Disney's statement in response tried to attack Johansson's suit as "especially sad and distressing in its callous disregard for the horrific and prolonged global effects of the Covid-19 pandemic” (notably, Disney laid off thousands of workers last year and then fought to reopen their theme parks even as infection rates have skyrocketed.) Her agent, Bryan Lourd of Creative Artists Agency, attacked Disney's reply for including Johansson's salary, "as if that were something she should be ashamed of." Since the announcement of Johansson's suit, rumors have swirled that many other actors may follow in her footsteps, including Cruella star Emma Stone. So far, none of Johansson’s Marvel colleagues have spoken out in support of her, a silence that has proven to be highly revealing.

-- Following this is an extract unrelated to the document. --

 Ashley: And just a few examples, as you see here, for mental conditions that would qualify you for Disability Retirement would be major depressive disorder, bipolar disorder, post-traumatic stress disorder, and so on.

It’s hard to convince people to root for a mega-rich celebrity under any circumstances, especially someone like Johansson who has a recurring habit of putting her foot in her mouth with various gaffes. The announcement of her decision to sue a company she has worked with for over a decade inspired its fair share of derision online, even from some of her fans. They perceived her choice to be one of pure greed, as if she didn’t have enough money and had to bleed the poor underdog of the movie world Mickey Mouse dry to find satisfaction. For many journalists who cover this part of the industry, however, a suit like this felt inevitable. What has been exposed by Johansson's shock suit is how the business of Hollywood is changing at a rapid pace and how many people may be left behind by that.

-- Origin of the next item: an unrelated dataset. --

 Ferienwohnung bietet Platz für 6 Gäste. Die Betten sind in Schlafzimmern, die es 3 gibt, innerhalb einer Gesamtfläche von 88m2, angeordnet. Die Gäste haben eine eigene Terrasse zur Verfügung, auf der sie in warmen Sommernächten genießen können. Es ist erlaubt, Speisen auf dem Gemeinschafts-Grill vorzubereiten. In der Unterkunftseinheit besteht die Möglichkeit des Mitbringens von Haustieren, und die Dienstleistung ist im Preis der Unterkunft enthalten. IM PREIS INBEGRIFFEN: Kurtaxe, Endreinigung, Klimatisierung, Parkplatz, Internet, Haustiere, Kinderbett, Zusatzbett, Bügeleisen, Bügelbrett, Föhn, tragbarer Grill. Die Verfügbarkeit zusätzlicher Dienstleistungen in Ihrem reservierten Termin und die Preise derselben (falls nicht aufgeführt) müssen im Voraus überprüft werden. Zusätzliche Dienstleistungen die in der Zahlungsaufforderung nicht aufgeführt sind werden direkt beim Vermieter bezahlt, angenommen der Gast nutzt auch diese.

Residuals are a crucial part of how the majority of working actors and behind-the-scenes people in the film industry get paid. The lion’s share of people who you see in front of the camera aren’t making tens of millions of dollars with each appearance. The chances are they’re earning the basic daily rate as required by the Screen Actors Guild. for a film with a budget higher than $2 million, that works out at about $1,030 a day. For actors, as well as writers, directors and others in the industry, they're often working from pay-check to pay-check, and it's not a field with regular financial guarantees. If you're a vaguely familiar face who pops up in guest roles on TV shows and the occasional movie, you may get a couple of parts a year and that's it. This is why residuals are so important. They're a means of long-term financial compensation that allows people to be fairly paid while studios and distributors continue to profit from them. This means that actors get money whenever their film sells a DVD or an episode of TV they appeared on is aired once more. The money this can bring in can veer between literal pennies and seven figures. Bob Gunton, who played Warden Norton in The Shawshank Redemption, once noted that the film generated "close to six figures" in residuals for him because it is so frequently re-run on TV the world over.
This way of life for the industry has ground to a resounding halt in the streaming age. Workers still get residuals but they’re significantly less than what traditional media offered. SAG had to fight hard for changes to the streaming problem, and in 2017, they successfully lobbied so that actors will receive residuals from streaming after 90 days, instead of a full year. The issues, however, remain, particularly as streaming’s prevalence has led to a major shift in the traditional model of theatrical distribution. If your film drops in theaters the same days it premieres in audience’s homes, it will chew off a major chunk of your earnings, especially if, like Scarlett Johansson, you were contractually guaranteed bonuses based on box office success. Black Widow performed solidly in theaters in its first week but saw dramatic drops in earnings the following week, making it the lowest-grossing Marvel film since The Incredible Hulk. Disney has hyped up its streaming numbers and the money made by its premium fee Disney+ titles (data which, as with all things in streaming, continues to be frustratingly unverifiable), but it doesn’t seem as though that’s making its way down the ladder to the cast and crew as it traditionally would.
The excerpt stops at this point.